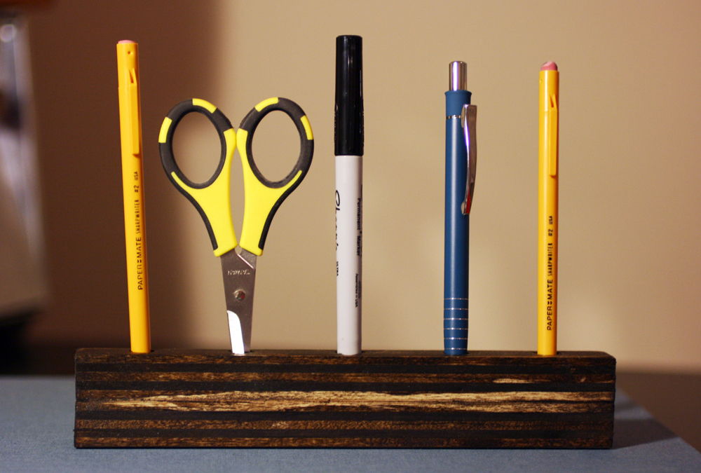 30. Wooden Pencil Holder: Remember that Anthro book case I posted about last week? When I was making it, I had some leftover wood slivers. So I decided to make a pencil holder with them. I took two 1-inch pieces, stacked th… (via whollyKao)
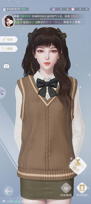 3、打造理想人设:点击左下角“人物”,自由切换换装、化妆、时尚图鉴模块——搭配战袍、精修五官、追踪套装收集进度,为第一天上班做好万全准备;
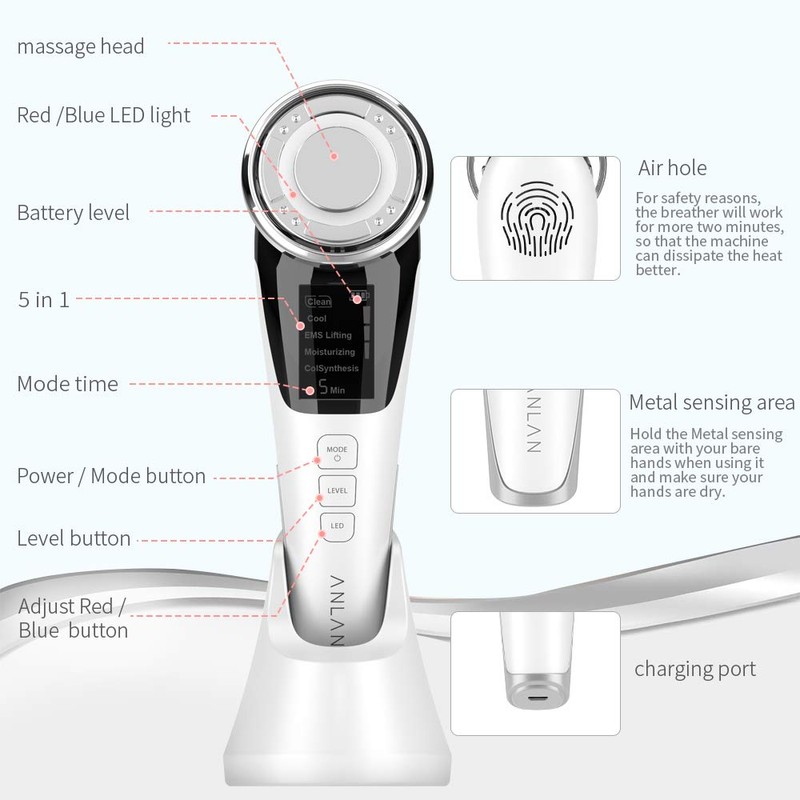 ANLAN Kosmetisches Gerät Faltenentferner Gesichtsmassagegerät mit ION- und Heiße/Kühle Behandlung für Gesichtpflege Gesichtslifting Tiefenreinigung Anti Falten Anti-aging mit EMS Mikrostrom
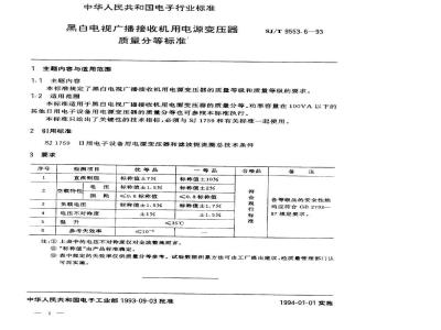 本标准适用于黑白电视广播接收机用电源变压器的质量分等.功率容量在100VA以下的其他日用电子设备用电源变压器的质量分等也可参照本标准执行。本标准只给出了关键性的技术指标,必须与SJ1759和有关标准一起使用。2引用标准
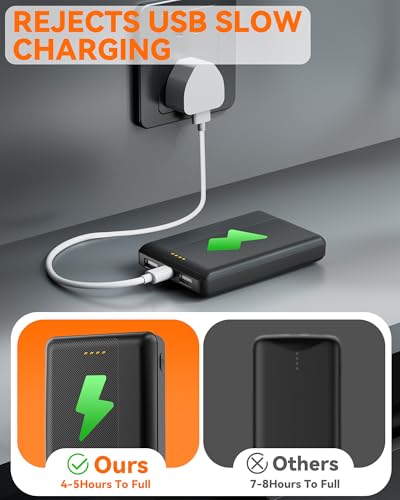 Upgraded Power Bank for Heated Gilet – 5V 2.4A 10000mAh USB Output Rechargeable Battery Pack for Heated Jackets, Vests, Coats, Trousers & Underwear with Charging Accessories
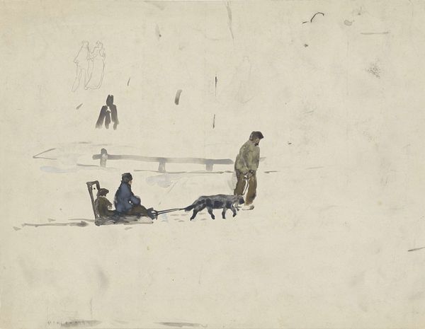 Curator: Good morning. Today, we're looking at "Open Sea off Haikko, study for Boys Playing on the Shore" created by Albert Edelfelt in 1884. Edelfelt, a Finnish painter, captures a moment of tranquil observation in watercolor. Editor: It’s… unusually subdued, isn’t it? Almost monochromatic. The eye travels between those large, angular rocks, the vague reflection on the water, and the ghostly suggestion of the land on the horizon, yet there's so little contrast or saturation. The entire image feels as though it's rendered on the verge of vanishing. Curator: Indeed. While Edelfelt is known for his vibrant depictions of Finnish life and society, here, the restraint in palette draws attention to form and composition. It’s worth remembering that it's a study, an exercise, if you will, for a larger painting. The brushstrokes are quick and deliberate, laying the foundation for a more elaborate finished work. Editor: I’m intrigued by the strategic positioning of the rocks. Notice how they establish this visual rhythm, almost a deliberate arrangement from left to right. What are the semiotic elements at play? One could read into how the interplay between water and stone evokes certain philosophical arguments on impermanence and the persistence of the material world. Curator: It's interesting you pick up on that, since this was made at a pivotal point in Finnish art. The late 19th century witnessed the rise of landscape painting, capturing Finland’s national character and sense of identity under Russian rule. Haikko, a coastal region, offered endless possibilities for artists like Edelfelt to explore these themes of place and belonging in social life. The finished painting featured playful figures, transforming the somewhat brooding landscape into an intimate vignette of middle class leisure. Editor: Perhaps Edelfelt also suggests themes of control, or lack thereof. He guides the viewer across the surface via pictorial components like tonality and texture while ultimately conveying that any imposed meaning risks being engulfed by the work’s watery expanse. The effect is of both surface and depth. Curator: It’s tempting to interpret through a sociopolitical lens or, conversely, formal values, though I am reminded that even a seemingly understated painting such as this holds multiple layers for interpretation. Thank you for your insights. Editor: And thank you. Viewing this through its materiality as an early impression of its kind has been fascinating.

- ASSIGNMENT
Copy, word for word, the entries above from the first line to the line that holds "3、打造理想人设:点击左下角". Drop the pictures.

- ANSWER SPACE
 30. Wooden Pencil Holder: Remember that Anthro book case I posted about last week? When I was making it, I had some leftover wood slivers. So I decided to make a pencil holder with them. I took two 1-inch pieces, stacked th… (via whollyKao)
 3、打造理想人设:点击左下角“人物”,自由切换换装、化妆、时尚图鉴模块——搭配战袍、精修五官、追踪套装收集进度,为第一天上班做好万全准备;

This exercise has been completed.